How Aggregate Tables Are Populated With Data

After an aggregate table is defined, an instance of it needs to be created. An instance is an actual table that contains the aggregated data. The process of creating an instance of an aggregate table and populating it is referred to as a build of the table.

Note

Consider that for an aggregate instance to be built there should be an aggregate definition for it. An aggregate instance can be built and used only after the corresponding System-Defined or User-Defined aggregate table definition is created. If you want to see what definitions you have in AtScale you can check the Definitions tab in the Aggregate monitor.

For more information about how aggregates are defined, built, and used, see About Aggregates, Aggregate Definitions and Aggregate Instances, Life Cycle of Aggregate Tables, and Defining Aggregates Yourself.

Updating aggregate tables

Aggregate-table instances become outdated as a cluster ingests new data and existing data is updated. There are three actions that the engine can take to bring aggregate tables up-to-date.

  • Supersede the current instance of an aggregate table with an entirely new instance. The new instance includes more recent data and uses the existing definition for the aggregate table. This is called a full rebuild of an aggregate table.

    The previous instance stays in place as a backup in case the building of the new instance fails. Queries continue to use the previous instance until the new instance is ready.

    The AtScale engine rebuilds aggregate instances by querying the fact tables and dimensions that the definitions of those aggregates are based on. However, if the engine setting AGGREGATES.CREATE.BUILDFROMEXISTING.ENABLED is set to True and the engine decides that an aggregate instance A can be rebuilt from data that is in the rebuilt instance B of a different aggregate table, then the engine runs a query on B to populate A. Such a query generally runs much faster than a query on fact tables and dimensions. When rebuilds are triggered for all of the aggregate tables for a cube, the AtScale engine determines which aggregates could be built from other aggregates. The latter are given higher priority in the order of the rebuilds, so that the former can be rebuilt from them.

    Note

    Instances of incremental aggregates are not rebuilt from the data that is in instances of other aggregate tables.

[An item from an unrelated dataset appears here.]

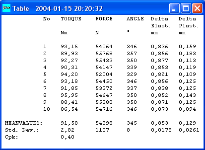 to "Yes", you will also get Meanvalues, Standard deviations and Cpk-value in the table.
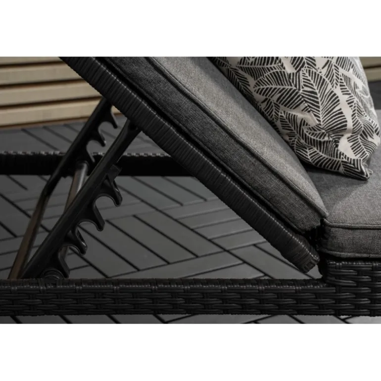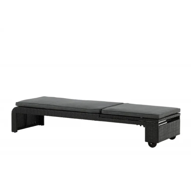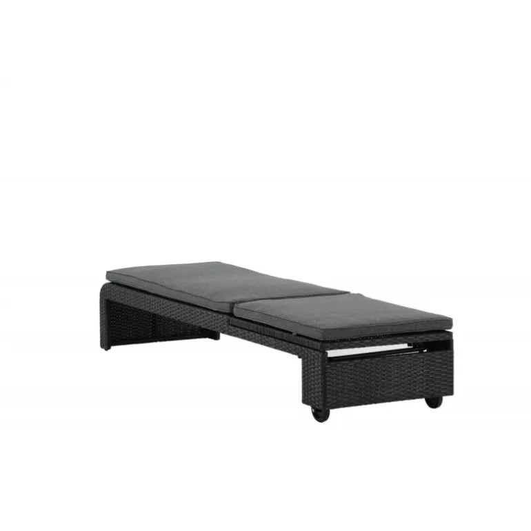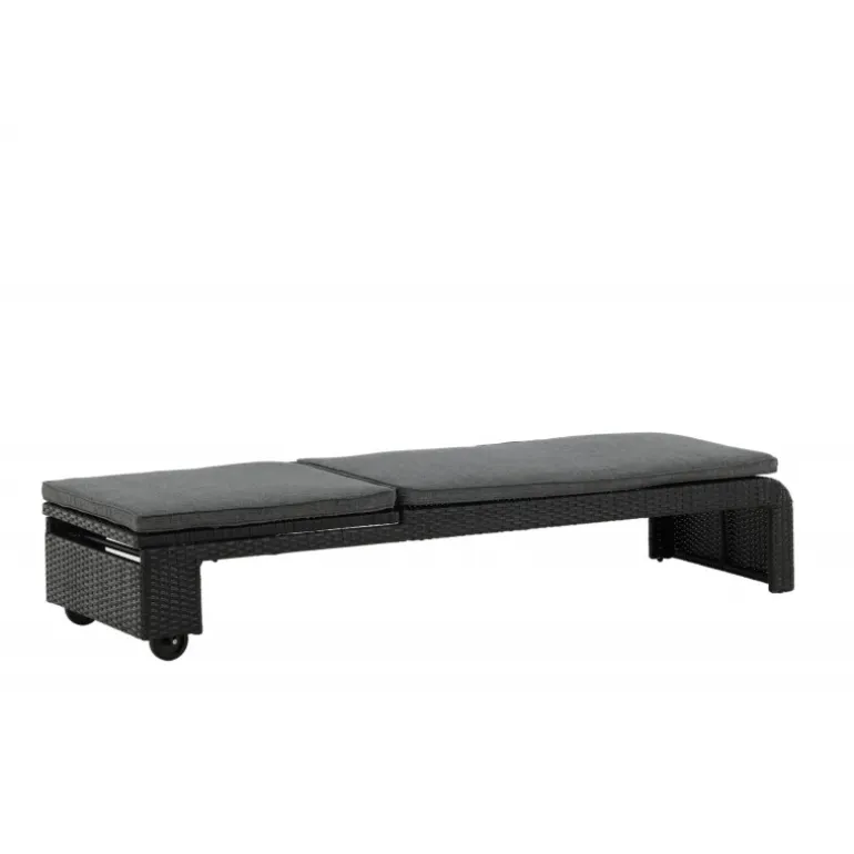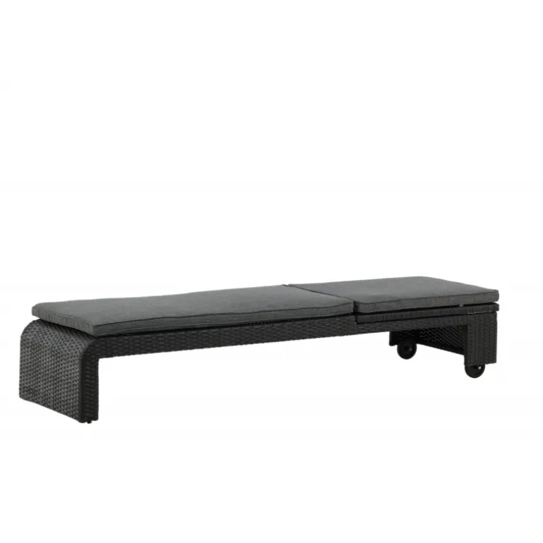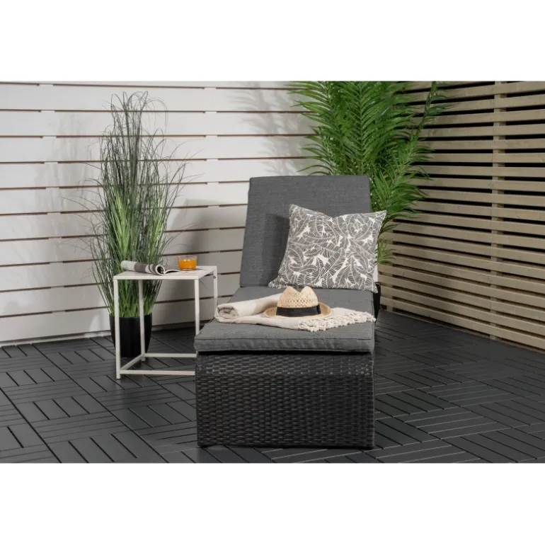 London solseng i et stilfuldt og pompøst design skaber en behagelig blikfang på din terrasse. Her får du en sort solseng med grå hynde, hjul og justerbar ryglæn for den optimale hvileposition. Solsengen er lavet af sort kunstig rattan, hvilket gør den holdbar i et udendørs miljø. Robust, stabil og komfortabel – her kan du nyde frie øjeblikke på sommerens solrige dage. Plejeråd: Konstrits er et plastmateriale, der er perfekt til vores skandinaviske klima. Materialet er UV-resistent og kan modstå vejr og vind. Det faktum, at det er UV-resistent betyder, at møblerne ikke falmer, men vi anbefaler altid at opbevare møblerne under et møbelovertræk eller på en anden tør og kølig måde for at forlænge levetiden.

  • Stop using the current system definition for an aggregate table and create no new instance of the table. Instead, create an instance of a newly defined aggregate table that supersedes the previous definition. The new instance includes the most recent data.

  • Supersede the current instance of an aggregate table by a) duplicating that instance, and then b) updating the rows in the duplicate and appending new rows to it. This is called incremental rebuild of an aggregate table. For more details about this type or rebuild, see About Incremental Rebuilds.

By default, all of the aggregate tables for a cube are refreshed with full rebuilds. In the AtScale Design Center, you can set a flag on a cube's fact dataset that causes all rebuilds to be incremental rebuilds. If your cube has more than one fact dataset, the aggregate tables will be built incrementally only for those fact datasets on which the flag is set.

Aggregate-table instances are not built or rebuilt individually. Rather, all aggregate-table instances for a cube are built or rebuilt together in a batch-build process. A process builds or rebuilds one aggregate at a time in succession. You can use engine settings to influence the order in which aggregate instances are processed.

How Batch-Build Processes For Cubes Are Started

Many companies have ETL (extract, transform, load) jobs that they routinely run to cleanse raw data and load it into a data warehouse. Before it ends, a job can call one of AtScale's REST APIs to trigger a build process. Alternatively, if a job is configured to write to a log file when it finishes, you can have AtScale monitor a path in a distributed file system (in a path in a bucket, if your data warehouse is Google BigQuery; in HDFS, if your data warehouse is Hadoop) for this signal that the job is complete. AtScale can then start a build process.

If no routine ETL job runs on your cluster or you do not want to wait for a routine job to run, you can click a button in the AtScale Design Center to start a build process.

Automatic restarts of interrupted batch-build processes

As an aggregate instance for a cube is built for the first time or rebuilt, the build process assigns it a status. If a build process is interrupted by the AtScale engine stopping, restarting the engine restarts the build process automatically. The status of an aggregate instance at the time of the interruption determines what the process does with that instance when the process restarts.

  • If the status of an instance is New, the instance has not yet been created and the process creates it.
  • If the status of an instance is In Progress, the process restarts work on the instance.
  • If the status of an instance is Done, the process ignores the instance.
  • If the status of an instance is Failed, the process attempts again to create the instance, if the value of the engine setting AGGREGATES.BATCH.RETRY.MAXATTEMPTSPERAGGREGATE has not yet been reached for that instance.

If the build process completes successfully, the status of all aggregate instances that the process created is set to Active.